With no majority winner, under Vermont law the winner will officially be decided by the legislature in January. There's little doubt that Shumlin will get another term, given that both legislative chambers are held by Democrats. The legislature has not picked the second-place finisher for governor since 1853.

That leaves the question of how Shumlin will govern, having been so badly rebuked. "Since the election, we've seen a different governor than we've had for the last four years," said Donald Turner, the Republican leader in the state House. "He has heard what voters intended, that they are not happy with him."

There are various reasons voters were unhappy, including many Democrats. The state's online health exchange has widely been considered a failure. Property taxes are on the rise. Residents of different parts of the state have criticized Shumlin's positions on wind turbines and a natural gas pipeline. A private land deal also played badly for the governor.

"Liberals in the state admire Peter but don't trust him," said University of Vermont political scientist Garrison Nelson. "His battles for a single-payer health care system and GMO food labeling have been well-received, but liberals expect more."

The only public poll conducted during the campaign showed Shumlin comfortably ahead. Many Democrats, dissatisfied with the governor, but not expecting him to be in any trouble, simply didn't vote. Turnout was well down from 2010, with just 193,000 votes cast in the governor's race last month, compared with more than 240,000 four years ago.

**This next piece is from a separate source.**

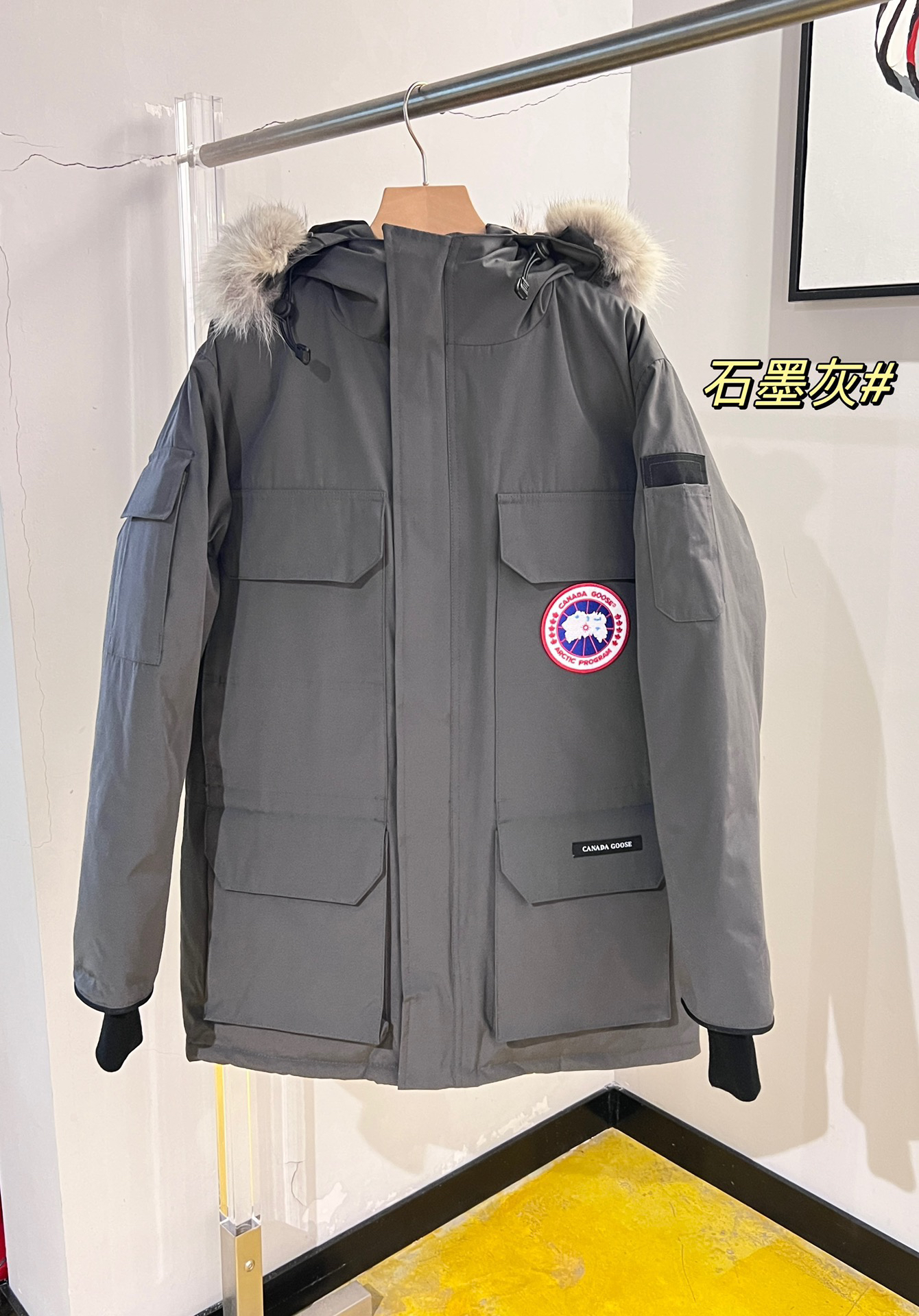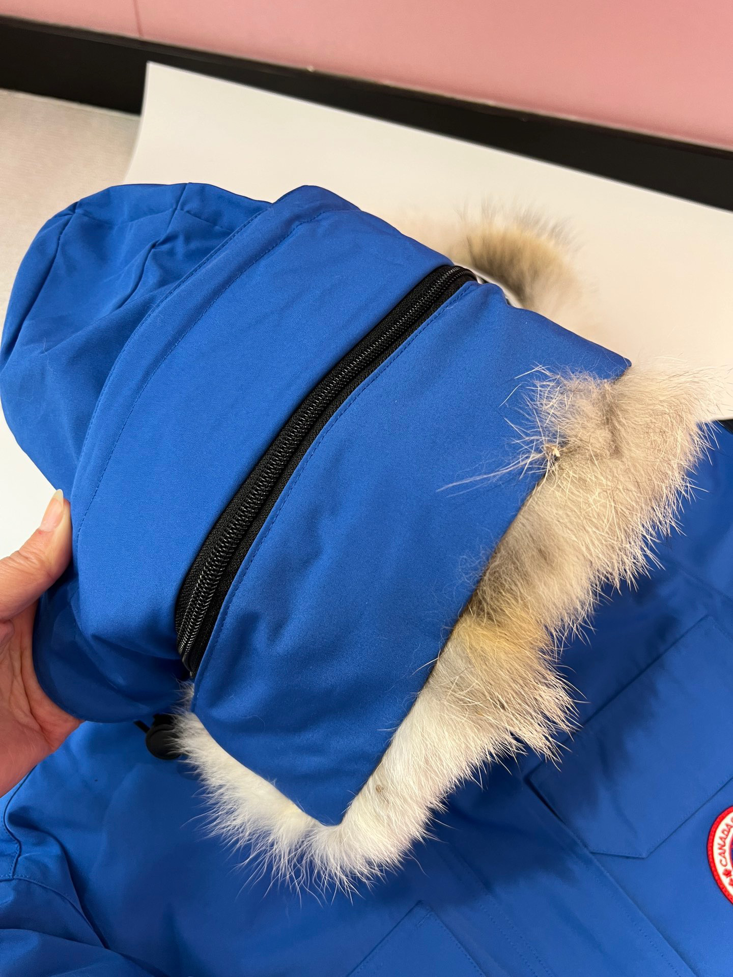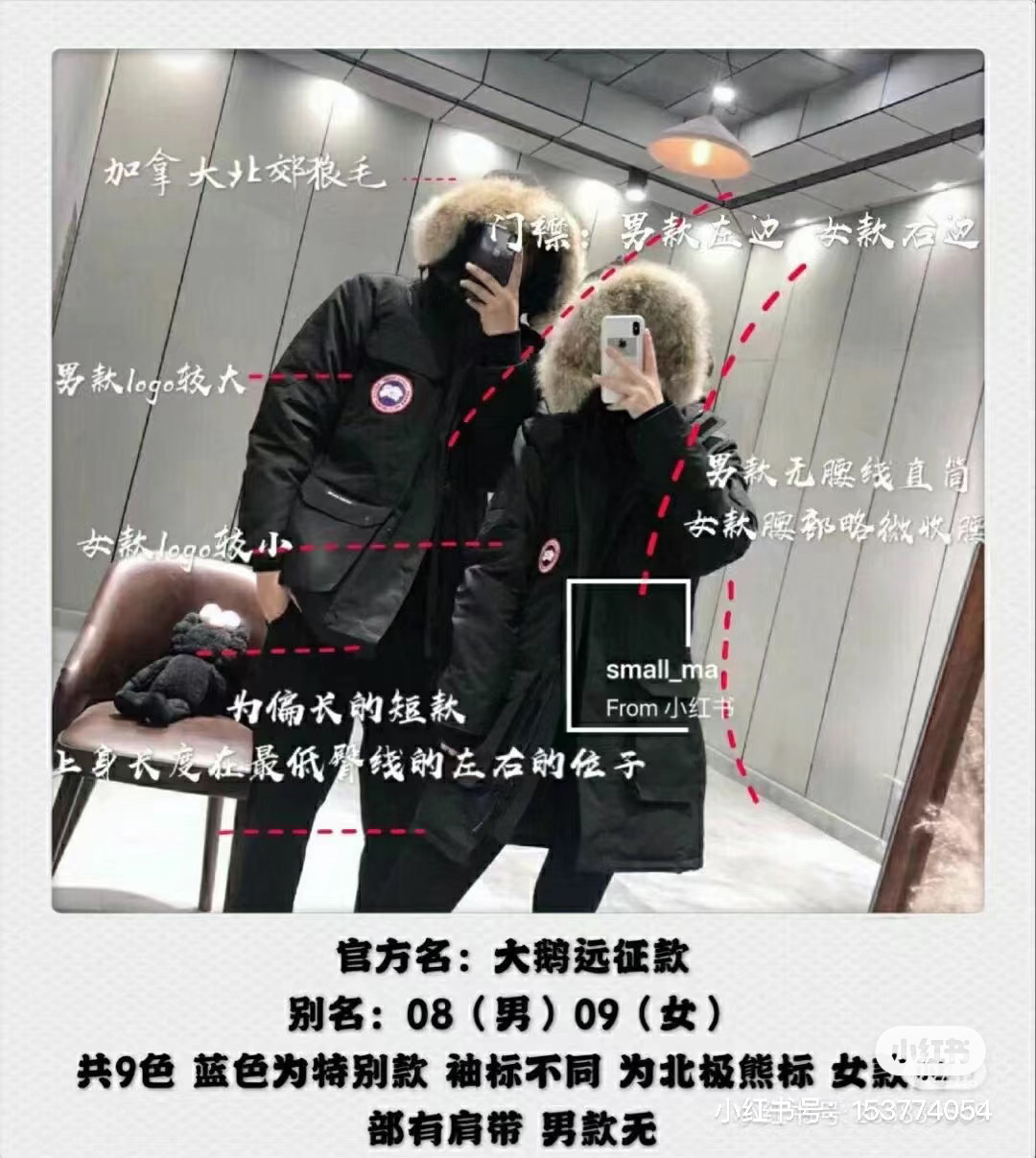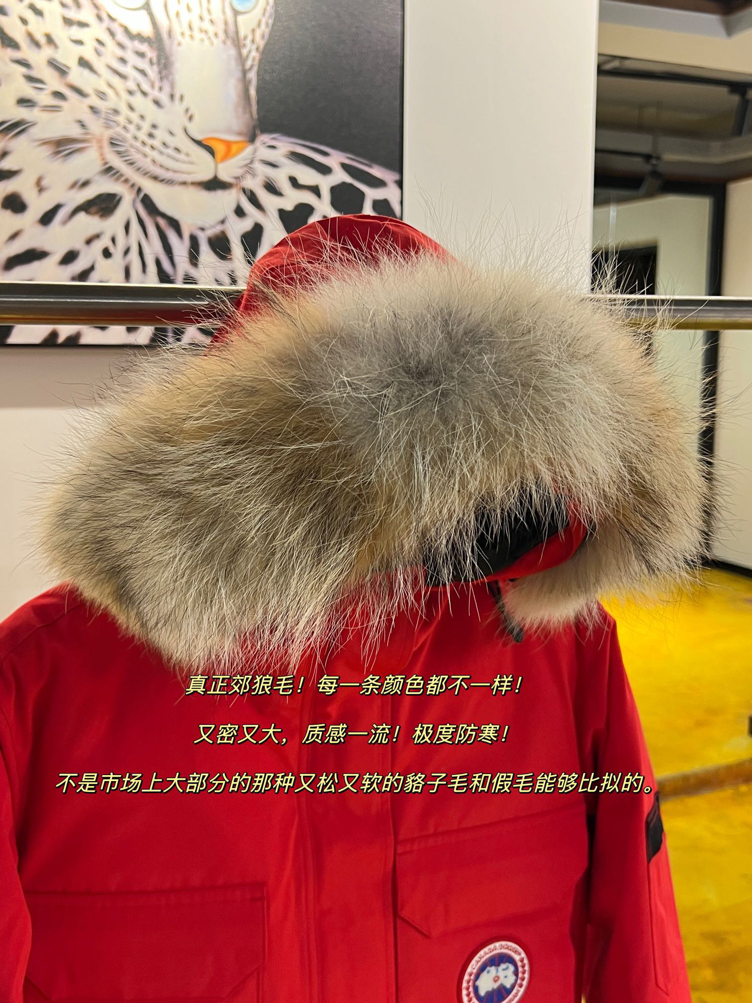 国标80白鸭绒!填充500g以上,蓬松度满满!(机器格充,每格充绒量饱满,电脑设定数值,每件充绒误差不超过10g)不混绒随意检测!(zp采用80%白鸭绒/凡吹嘘90%都假)连帽领口细节,立体连帽充绒工艺,随意去对比~真正的大鹅专用狡狼毛领,每条颜色都稍有颜色变化,因为是真皮毛的没法保证完全一致哈~

And Shumlin is not personally popular. In his four races for statewide office, including one run for lieutenant governor, he only cracked the 50 percent mark once -- in 2012, when he still managed to trail President Obama in the state by 12 percentage points.

Since the election, Shumlin has been making conciliatory statements and reaching out to a wider variety of political players, including Republican legislators.

"The first question he has to answer is what part of Vermont is he now going to listen to," said Joe Benning, the GOP leader in the state Senate. "Is he going to listen to the center, which is very frustrated about property taxes and the economy, or will he go back to the left-wing, asking for more and more programs?"

Shumlin still would like to convert the state to a single-payer health care system. But an ally in that cause, state House Health Care Committee Chair Mike Fisher, lost his race for re-election. And the problems with the health exchange -- a buggy website that was shut for weeks this fall to address technical and security problems -- have not encouraged residents about the state's health management capacity.

"Many people will see the millions spent by the state without successfully fixing Vermont Health Connect as one more proof that government should stay out of health care," Aki Soga, the editorial page editor of the Burlington Free Press, wrote recently. "Even a fully operational exchange will have the state playing catch-up in the public image race."

Getting to a single-payer system "was a heavy lift to begin with," conceded Deb Richter, the head of Vermont Health Care for All, which advocates for such a system. But she said it remains a priority for Shumlin and predicts he'll unveil a financing proposal early in the new year.

Nelson, the University of Vermont political scientist, suggests that Shumlin might as well go for it. Nelson said he admires the governor, but that Shumlin's political future is "bleak.

"Regarding his agenda, I would suggest that he treat this term as his last one and push hard for single payer with guns ablaze," Nelson said.